Ceplene (histamine dihydrochloride) is approved in Europe and Israel and in late-stage development in the U.S. Phase 3 data with Ceplene used in combination with interleukin-2 (IL-2) demonstrated an improvement in leukemia-free survival (LFS) in patients with acute myeloid leukemia (AML). Specifically, complete remission patients in the post-consolidation phase of treatment for AML receiving Ceplene + IL-2 achieved a 3-year LFS rate of 40% vs. only 26% for a no treatment control (Brune et al., 2006). Keeping AML patients in remission post-consolidation is a major challenge, so Immune plans to further explore the potential for a combination Ceplene+IL-2 formulation in 2016.
However, recent breakthroughs in immuno-oncology (e.g. CAR-T, checkpoint inhibitors, liposomal 7+3, etc…) have significantly changed the potential treatment paradigm for AML, so the future for a drug like Ceplene is likely in combination with newer advanced therapeutics. In this regard, the company is seeking a new patent for the combination of Ceplene and checkpoint inhibitors. The new invention provides methods of treating cancer by administration of Ceplene in combination with immune checkpoint inhibitors, as well as methods for predicting the efficacy of Ceplene and IL-2 therapy in patients with AML.
For example, Immune recently performed a new multivariable analysis of a Ceplene/IL-2 Phase 4 study (NCT01347996) conducted in Sweden. The company believes it has identified new potential biomarkers that predict response to Ceplene + IL-2 in patients in complete remission and post-consolidation phase of treatment. Immune will be presenting a poster of this data at the upcoming 2016 American Association for Cancer Research (AACR) annual conference to be held April 16-20 in New Orleans (Immune’s poster will be presented on April 17th). The company has published an abstract of the data highlighting these reported predictors of clinical outcome and identified certain biomarkers that improvement in LFS for patients with low relapse risk AML.
As noted in my previous article highlighting the catalysts for Immune in 2016, management is focused on creating a private subsidiary to further fund these immuno-oncology programs, which include all efforts with NanomAbs, bispecific, Ceplene, and other legacy assets, Azixa and Crolibulin.
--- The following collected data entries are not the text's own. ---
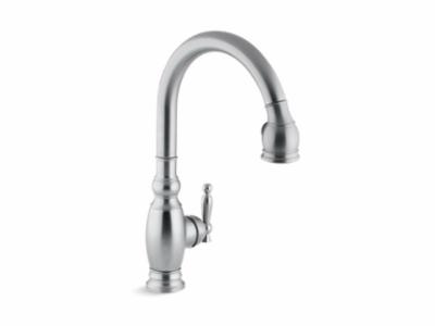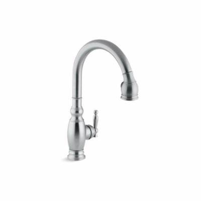 Kohler® 690-G Vinnata® Kitchen Sink Faucet, 1.8 gpm Flow Rate, Brushed Chrome, 1 Handles, 1/3 Faucet Holes, Function: Traditional
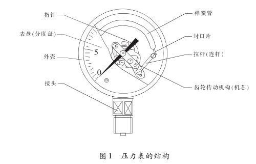 壓力表的基本結(jié)構(gòu)由接頭、彈黃官、齒輪傳動機構(gòu)、 指示機構(gòu)和外殼等部分組成,如圖1所示。
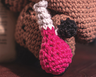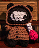 Gremlino the Necromancer amigurumi is entirely crocheted. It is about 12 cm tall from head to toe. The hood can be pulled back!

EpiCept did not have the cash or expertise in immuno-oncology to advance these candidates along this path. Over the past few months, Immune has brought in this talent with the hiring of Dr. Ben-Ami, Dr. Luchi, and Dr. Shor to create an oncology division that rivals the company’s efforts with bertilimumab in immuno-inflammation.
However, Immune would like to fund these development efforts without further diluting current shareholders stake in bertilimumab; hence, the formation of a private subsidiary. Immune plans to give up a small ownership stake in the immuno-oncology division in return for non-dilutive funding to complete the preclinical and planned clinical work noted above, all the while continuing to keep the focus of the parent organization on the lead asset, bertilimumab.